Also, often when you have an error installing a package due to an unmet system dependency, part of the installation output will tell you how to solve the problem; for example, here's part of the output from a failed installation of pdftools:

No package 'poppler-cpp' found
Using PKG_CFLAGS=-I/usr/include/poppler/cpp -I/usr/include/poppler
Using PKG_LIBS=-lpoppler-cpp
------------------------- ANTICONF ERROR ---------------------------
Configuration failed because poppler-cpp was not found. Try installing:
 * deb: libpoppler-cpp-dev (Debian, Ubuntu, etc)
 * rpm: poppler-cpp-devel (Fedora, CentOS, RHEL)
 * csw: poppler_dev (Solaris)
 * brew: poppler (Mac OSX)
If poppler-cpp is already installed, check that 'pkg-config' is in your
PATH and PKG_CONFIG_PATH contains a poppler-cpp.pc file. If pkg-config
is unavailable you can set INCLUDE_DIR and LIB_DIR manually via:
R CMD INSTALL --configure-vars='INCLUDE_DIR=... LIB_DIR=...'
--------------------------------------------------------------------
ERROR: configuration failed for package ‘pdftools’
* removing ‘/home/duckmayr/R/x86_64-pc-linux-gnu-library/3.5/pdftools’

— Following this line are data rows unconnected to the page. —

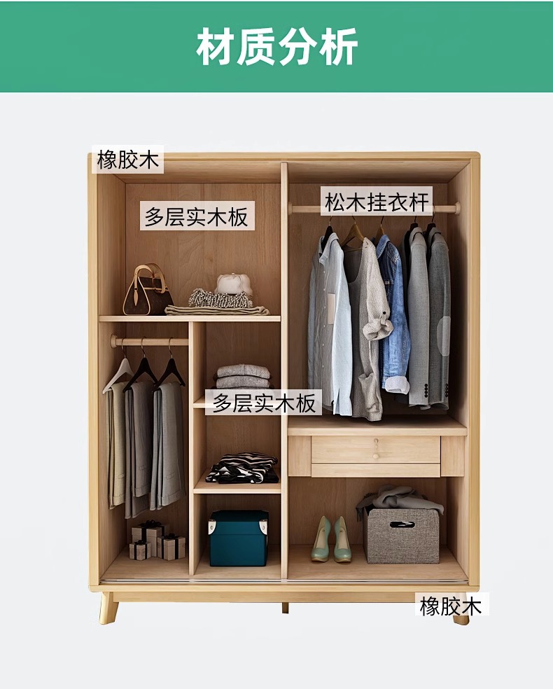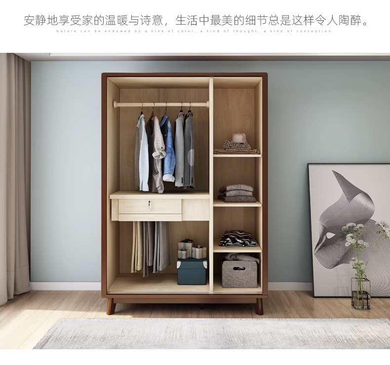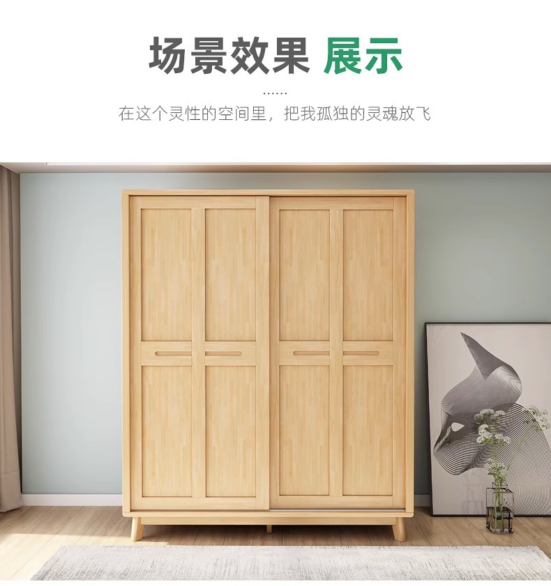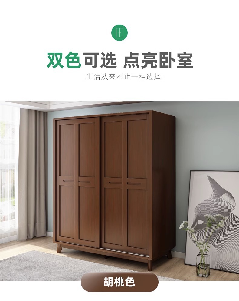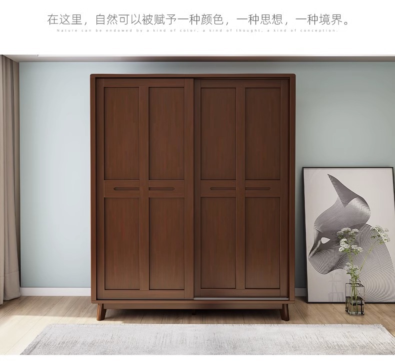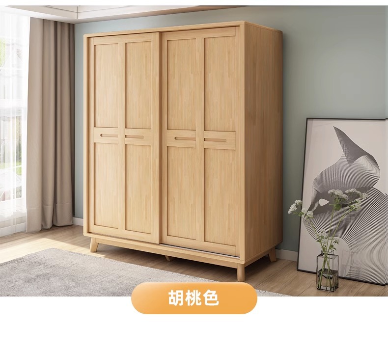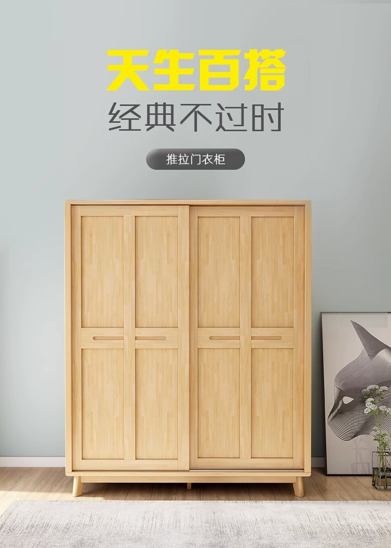 북유럽 단단한 나무 슬라이딩 도어 옷장 현대 간단한 작은 아파트 홈 마스터 침실 슬라이딩 도어 간단한 경제적 인 옷장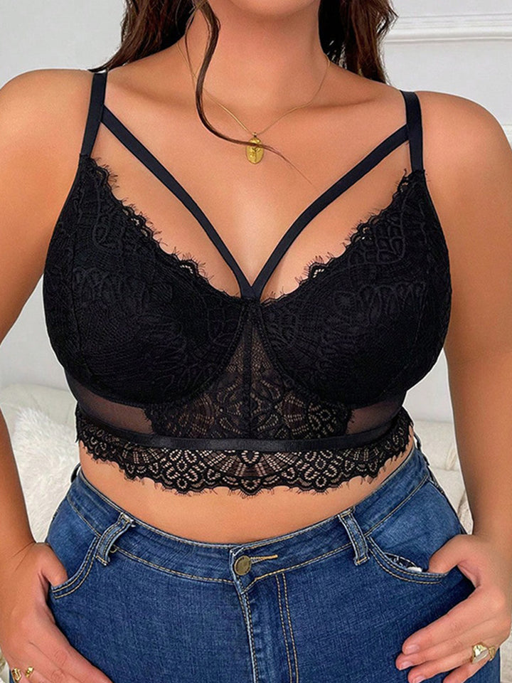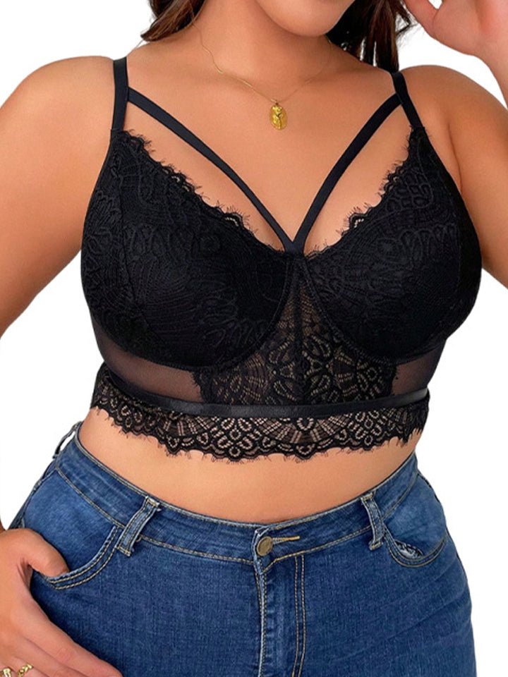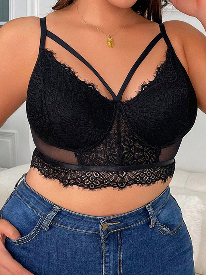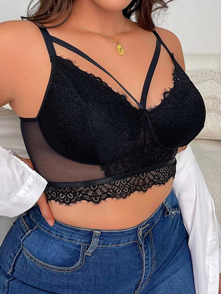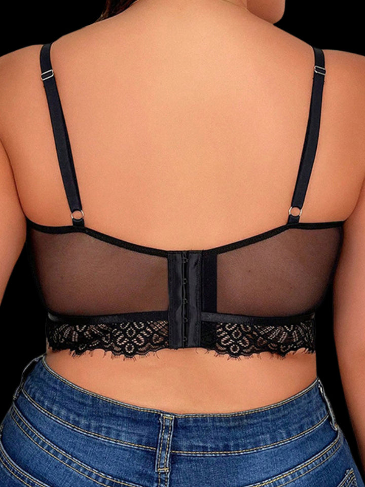 Plus Size Sheer Mesh Lace Bra - Embroidered Corset Vest for Full Bust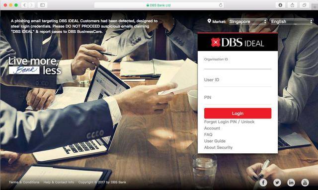 DBS指出,该钓鱼网站(phishing page)目前主要针对的是星展企业网银(DBS IDEAL)用户。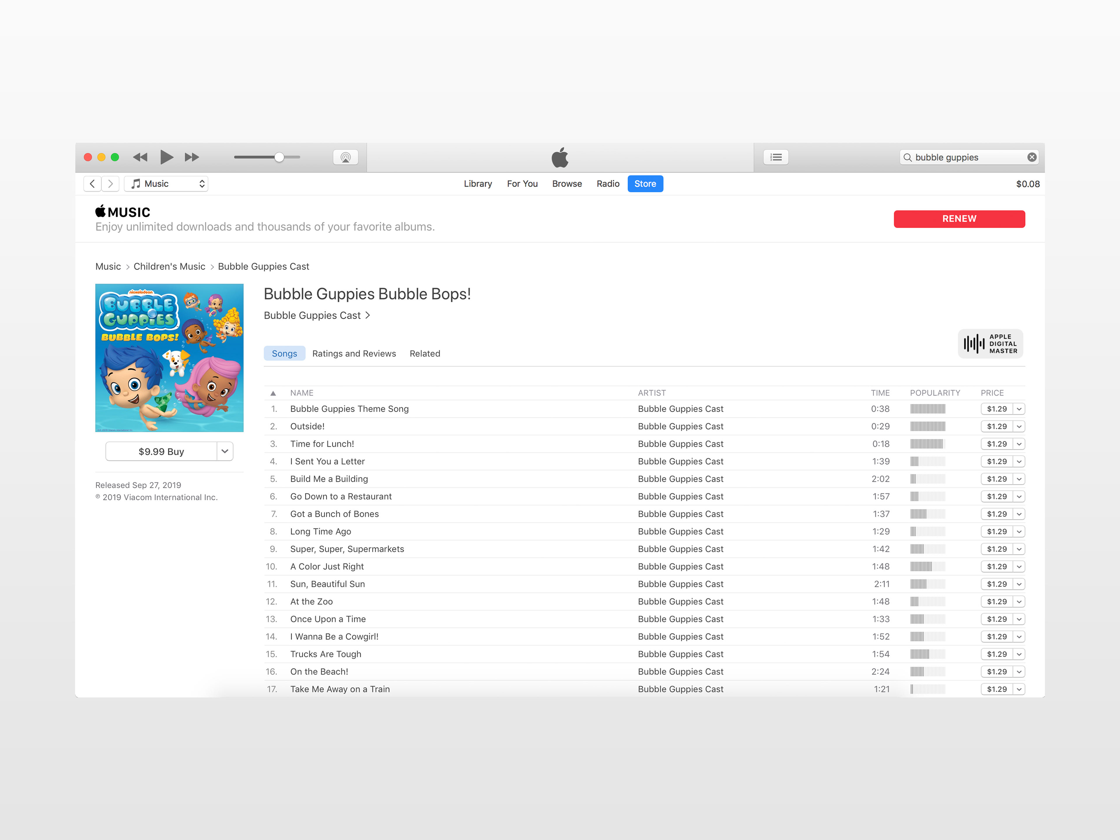 Revised, resized and reformatted main marketing art for Noggin's television shows to be featured on streaming platforms Roku and Apple TV. Also, designed music covers for shows on Nick Jr. to be streamed on iTunes.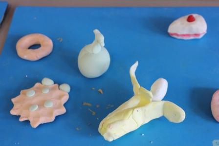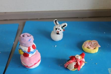 【3人の児童の作品を紹介します。どれもおいしそうですね。きれいに色を染めることもできました。クッキーだけでなく、いちごのショートケーキやドーナツ、くだもの、キャンディーなども作りました。】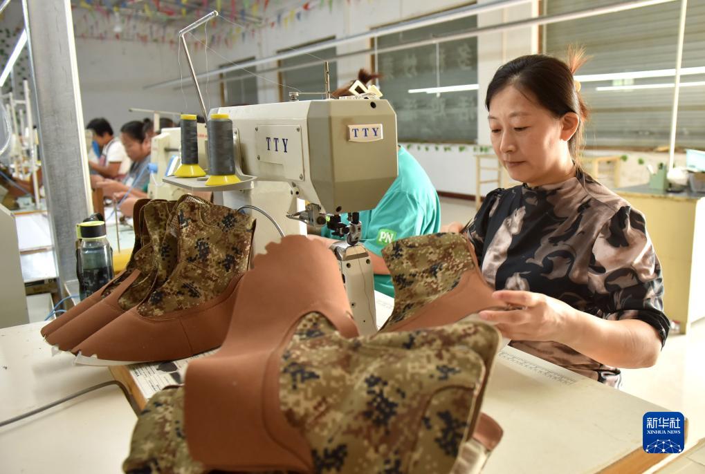 8月29日,工人在河北省威縣香花營(yíng)村一家制鞋廠(chǎng)生產(chǎn)車(chē)間工作。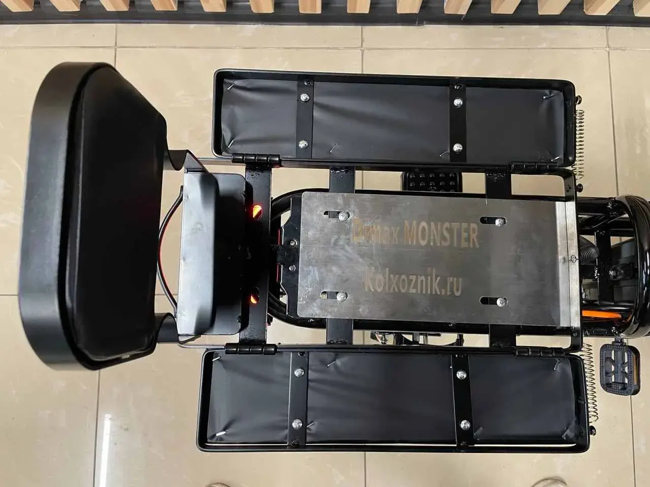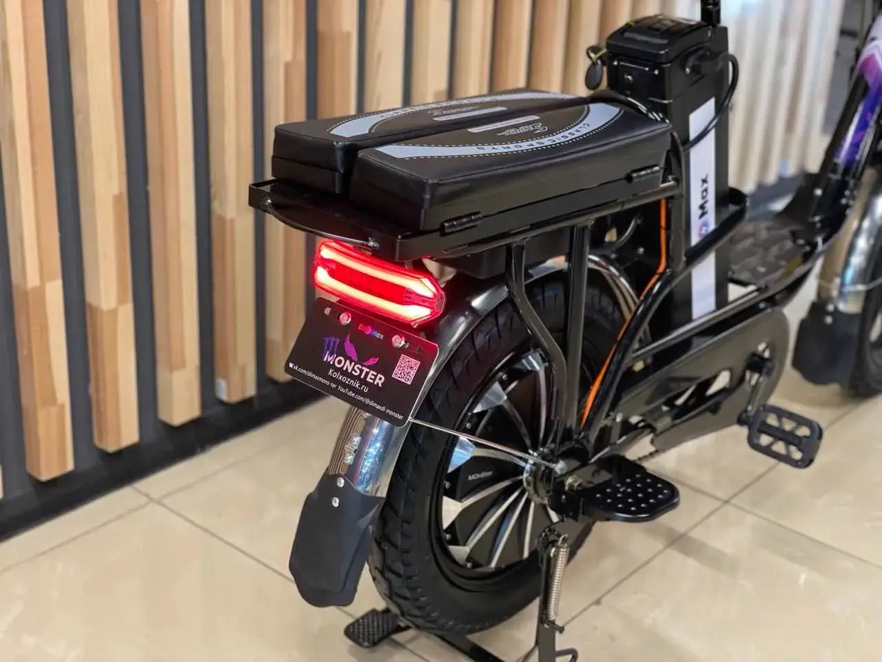 Низкая рама гарантирует удобство при посадке, что особенно актуально для людей пожилого возраста. Рама электровелосипеда изготовлена из стали, а рекомендуемая нагрузка – до 200 кг. MONSTER имеет удобную широкую платформу для ног, мягкое сиденье с амортизатором. Сзади расположен багажник-сиденье.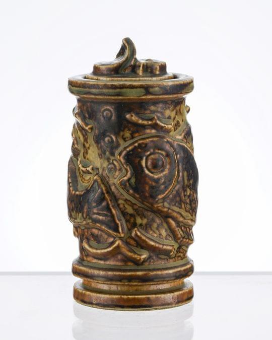 Tabatière à décor de poissons, céramique émaillée brun, signée et numérotée 20101, H 17 cm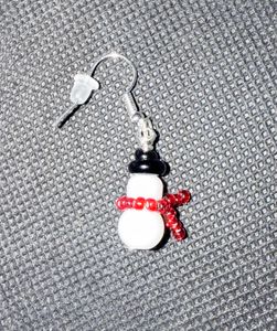 White Snowman w/ Red Scarf Dangle Earrings. On silver earring hooks.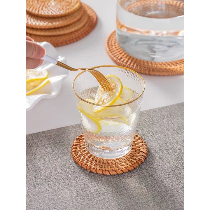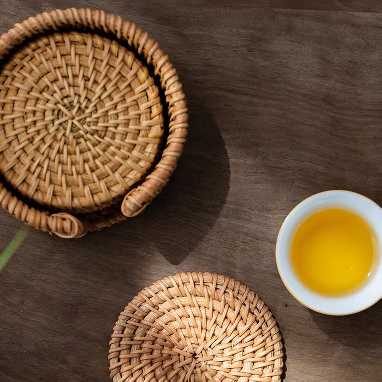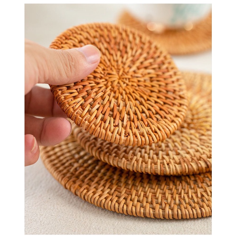 Miếng lót cốc lót ly lót nồi cách nhiệt bằng mây tre trang trí bàn ăn phòng bếp chụp ảnh food decor xinh xắn

However, there's still some cases where those things will not resolve your issue. I would always check the package's DESCRIPTION and/or website -- they often mention system dependencies somewhere there, and also often mention where you can get the dependency, but not always. For the remaining cases, you just have to hope to be lucky Googling your problem.

Example: pdftools

The pdftools CRAN page (which I reached by Googling "r pdftools") displays information from its DESCRIPTION, including

SystemRequirements: Poppler C++ API: libpoppler-cpp-dev (deb) or poppler-cpp-devel (rpm). The unit tests also require the 'poppler-data' package (rpm/deb)

So, even if they didn't have that informative message above, I could have found it that way.

Example: ldatuning

If you look at the ldatuning CRAN page, you'll see no such entry. That's because it doesn't have any system dependencies -- its R package dependencies do. In such a case, you'd look to see which package installation failed (by looking through the output after install.packages("ldatuning") to see that (as it sounds like happened in your case), installation of Rmpfr failed.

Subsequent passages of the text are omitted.